Russell Street: The middle class came in for a lot of flak at a panel discussion on whether honesty was solely its prerogative.
Speakers at the CESC Ltd presents The Bengal Club 7th Annual Panel Discussion in association with The Telegraph on Friday pointed out that the middle class was vocal against corruption only when others got caught. The discussion on "Honesty is the prerogative of the middle class" was held on the Bengal Club lawn.
"My submission is that to single out one class for all the honesty and consign the others into a disreputable dustbin is perhaps not the correct way.... I have never seen this amount of deterioration of general standards and this is happening to the larger class of helpers of the rich. The rich are the poster boys for all wicked things. But they managed to get away... it's basically the employees or executives who get arrested," former Prasar Bharati CEO Jawhar Sircar said.
Former Union minister Mani Shankar Aiyar looked at a section of the panel and wondered whether switching political alliances was an act of dishonesty. "When a political party - and I am not looking at Pavan (Varma, who was sitting to his left) - switches sides, is that very honest? When individuals jump from one party to another, to speak of me when I joined Mamata Banerjee, was I being honest? Or was I more honest by quitting the one and joining the other."
Varma's Janata Dal United is famous for changing political sides.
Journalist Paranjoy Guha Thakurta branded the middle class as the "biggest hypocrites in a nation of hypocrites".
"...because they want to be like the rich, they are envious of the rich, they can't be like the rich, they look down upon the poor and then they are worst of the lot when it comes to honesty and individual morality," he said.

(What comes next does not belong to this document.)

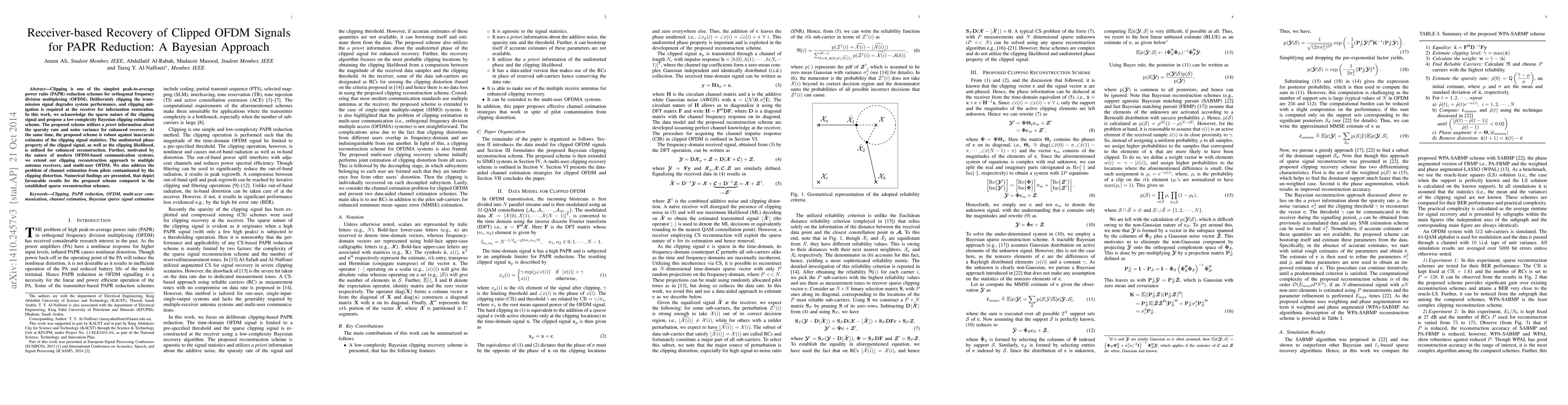 Clipping is one of the simplest peak-to-average power ratio (PAPR) reduction schemes for orthogonal frequency division multiplexing (OFDM). Deliberately clipping the transmission signal degrades system performance, and clipping mitigation is required at the receiver for information restoration. In this work, we acknowledge the sparse nature of the clipping signal and propose a low-complexity Bayesian clipping estimation scheme. The proposed scheme utilizes a priori information about the sparsity rate and noise variance for enhanced recovery. At the same time, the proposed scheme is robust against inaccurate estimates of the clipping signal statistics. The undistorted phase property of the clipped signal, as well as the clipping likelihood, is utilized for enhanced reconstruction. Further, motivated by the nature of modern OFDM-based communication systems, we extend our clipping reconstruction approach to multiple antenna receivers, and multi-user OFDM. We also address the problem of channel estimation from pilots contaminated by the clipping distortion. Numerical findings are presented, that depict favourable results for the proposed scheme compared to the established sparse reconstruction schemes.

The middle class got the stick from Varma, too. "The middle class swings between culpability and outrage, between anger and hypocrisy. When you don't want to pay a bribe, corruption is bad. When a bribe gets you what you want, many among us would say ' Bhai kar do woh kam'," he said.
Trinamul MP Saugata Roy said: "The country is bedevilled by big-ticket corruption."
Moderator Kunal Sarkar, a cardio-thoracic surgeon, had no doubts about the class divide in today's corruption. "As we had been talking through the motion for the last few weeks, a subtle change appeared. In the beginning, we thought of the motion with a question mark at the end but by the end of two weeks, the question mark was replaced by a full stop because it was almost looking axiomatic."
The other speakers were Nilotpal Basu of the CPM and and journalist Swati Bhattacharjee.
The panelists were felicitated by Bengal Club president S.S. Mukherji. "The middle class does not necessarily mean only the financially middle class, it means the larger section of citizens. It seems they are the only ones who will have to be honest.... Others can afford to be anything other than honest," Mukherji said.